Design and Implementation

Blueprint Interface

The RosettaRemodel protocol uses a simple interface, the blueprint, and a number of run-time switches to mediate various protein modeling tasks. Examples from blueprint files for different tasks are shown in Figure 2; each example will be addressed in the text below. A blueprint file handles backbone building, sidechain design, disulfide pairing, and at-build-time constraint assignments if needed. Its layout allows one to easily understand all the operations done to a structure. In a column layout, each line in the blueprint represents a residue in a structure. For backbone remodeling, residues can change their secondary structure, be deleted, or be created according to blueprint assignments. For sidechain perturbations, the blueprint allows all the operations in RosettaDesign. With these features, RosettaRemodel in most cases will only need a blueprint and a starting PDB file to carry out design tasks that involve the backbone, sidechains, or both.

Setting up RosettaRemodel

RosettaRemodel takes an input PDB file (-in:file:s) and a blueprint file (-remodel:blueprint) to carry out most of its functions. Although not required, it is recommended that the residues in the PDB file be renumbered starting from one before creating a corresponding blueprint file. Due to the layout in columns in the blueprint file, using editors that allow text column manipulation, such as vi [38], makes setting up remodeling a relatively simple task.

Sequence Design

When only sidechain design commands are given in the blueprint file, RosettaRemodel handles fixed-backbone design in a similar manner as RosettaDesign. Sidechain mutations or rotamer re-sampling can be achieved using all the commands available to a RosettaDesign resfile, such as PIKAA, ALLAA, APOLAR, EX1, EX2, etc. For an example see Figure 2, section 1. However, when accompanied by RosettaRemodel specific flags: -find_neighbors and -design_neighbors, neighboring residues will be automatically selected following RosettaRemodel specifications (6 Å). With -find_neighbors alone, neighboring residues will be repacked without altering their amino acid identity; in combination with -design_neighbors, all these positions will be designed for the most suitable amino acid. Due to the stochastic Monte Carlo process used in sidechain selections, normally one would create multiple design runs to ensure convergence in the search process. With RosettaRemodel, this step can be customized by setting the number of trajectories to try (-num_trajectory) and the number of lowest energy models to output (-save_top), so that a reasonable amount of Monte Carlo sampling can be carried out but only the few decoys with lowest energies will be output. This principle is used for all RosettaRemodel builds – flexible or fixed backbone – as RosettaRemodel internally screens structures during a trajectory by their energies.

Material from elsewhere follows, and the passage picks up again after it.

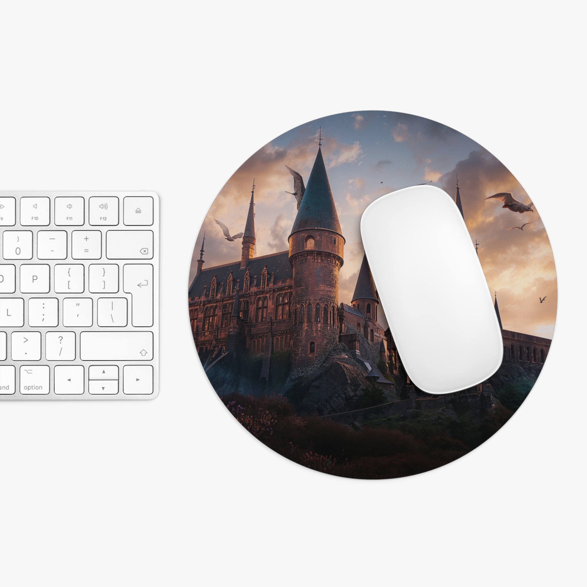 Settle into late-night study sessions or long creative sprints with a mouse pad that feels like a tiny window to another world. The cushioned neoprene surface gives your wrist a soft landing while the richly printed scene draws you into a twilight castle perched against a storm-touched sky. The textured, non-slip rubber base keeps the pad anchored when your workflow heats up. Choose round or rectangular to match your desk layout — this pad blends practical comfort with a quietly magical atmosphere that turns ordinary screen time into a little ritual.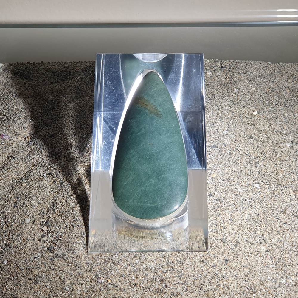 El primero es su materia prima, una piedra semipreciosa, el jade que según los estudios científicos realizados procedería de la zona de los Alpes suizos. No podemos determinar si la pieza manufacturada se trajo desde tan remoto lugar, o bien si, como parece más probable, se transportó a la Península Ibérica la roca matriz y con posterioridad se talló la pieza que nos ocupa y probablemente otros objetos, pues realmente lo frecuente es que esta materia prima se utilizara para la elaboración de elementos más pequeños, como por ejemplo cuentas de collar. Ello mismo enfatiza la singularidad de nuestra hacha.

In addition to the manual assignments described above, residues are processed automatically according to the number of surrounding residues and use only a subset of amino acids that fits the description. Since computational methods are most reliable in designing the core of a protein with rotamer packing, RosettaRemodel uses core residues alone to bias the simulation for a better hydrophobic core. This is achieved by ranking the degree of exposure for each of the residues involved and reducing contributions from the highly exposed ones. By masking these positions – temporarily switching them to alanines – the design trajectory can be directed to favor interactions in the core. The automated protocol postpones the decision on designing the fully exposed positions until reasonable hydrophobic support has been built, before the final output. The protocol accumulates low energy designs solely based on hydrophobic packing in a trajectory before designing surface residues. Although exposed polar residues are important for stability, modeling them accurately has been shown to be difficult as RosettaDesign lacks electrostatic energy terms for general applications. This layered treatment, however, is not applicable to all situations, and can be turned off by the flag:-skip_partial.

Backbone Design

New backbones are built up from fragments of specified secondary structure [8], [26], [28]. The secondary structure is specified by the third column of any position in the blueprint file: when given an assignment of H, L, E, or D, which stands for helix, loop, extended strand, and degenerate (random), respectively, the corresponding position will be rebuilt with the specific fragment type chosen. For an example see Figure 2, section 2. If the sequence is known for the segment to be built, as is the case when predicting the conformation of a known loop, one can manually assign the positions with PIKAA commands to their native amino acids. In a prediction case, one can also bias the fragment-picking process by giving preferences to fragments that share identity to some or all of the positions, following the sequence given in the second column of the blueprint file. This can be achieved by using the flag: -use_blueprint_sequence. This process, however, does not provide secondary structure prediction based on sequence – the fragment types must be manually assigned and will be strictly followed. Successful prediction using this functionality will usually involve strong sidechain-driven structural features and relies on successful full-atom refinement to model the site.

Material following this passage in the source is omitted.